1/ Les fonceurs à l’aveuglette : ils ont fait fortune rapidement, certains en milieu rural. Ils achètent tout et partout, construisent des maisons acrobatiques sur les sites les plus improbables, ils ont la satisfaction de vivre » en ville » et se sentent fiers. Certains raffolent des « karaoke » .
2/ Les nostalgiques: ils ont connu Bukavu-la verte, ont grandi à l’ombre des arbres bordant les avenues Mbaki, Hypodrome, Muhumba, route d’Uvira. ils sont amères, se sentent perdus, vivent entre leur travail et leur résidence. Les nostalgiques se rencontrent parfois entre eux en cadre fermé ou lors des fêtes de mariage et partagent leurs desarrois avec un sentiment d’impuissance.
3/ Les dégoutés: ils se recrutent généralement dans le groupe des nostalgiques. Beaucoup ont décidé tout simplement de plier bagage et d’aller s’installer ailleurs, parfois victimes de ragots ou de bundere. Certains n’en pouvaient plus de voir la ville se détériorer et ont choisi d’aller trouver à Goma, à Bujumbura, à Cyangugu ou plus loin des conditions de vie plus saines. Souvent les dégoutés ont les mots les plus durs pour critiquer la ville de leur enfance.

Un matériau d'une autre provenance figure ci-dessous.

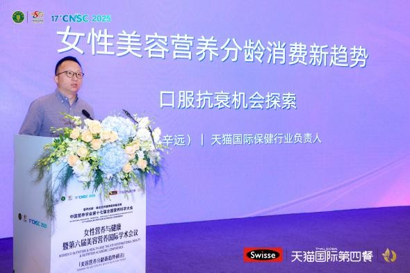 在科研与成分层面充分论证分龄趋势的科学性后,电商平台结合自身优势,分享如何更好地赋能品牌触达消费者。天猫国际保健行业负责人辛远指出:“口服抗衰市场正快速扩张,19-35 岁女性成为消费主力,且需求前置明显。市场品类已转向‘精准分龄抗衰’,聚焦麦角硫因、PQQ等成分。天猫国际第四餐将通过产学研联动、趋势赛道布局,帮助Swisse斯维诗等品牌更快触达目标用户,推动行业科学化发展。”

4/ Les déterminés: parmi eux se comptent des jeunes partis étudier à l’étranger et revenus tenter leur chance à la maison, mais aussi des personnes lucides qui ont juste compris que rien de bien se fera si tout le monde s’enfuit ou baisse les bras. Les déterminés ont fait de la prospérité de la ville leur combat. Ils comprennent les défis, les affrontent, créent, innovent, tentent, discutent, proposent des issues. Certains anticipent déjà l’extension de la ville vers Nyantende, Kalambo, Kashusha et y bâtissent des nouveaux quartiers. D’autres ont acquis de l’influence dans les grands hôpitaux, les universités, les initiatives culturelles, l’appareil de l’Etat. Ils sont décidés à se battre courageusement pour sauver ce qui peut encore l’être, ils représentent le dernier espoir de Bukavu-la verte.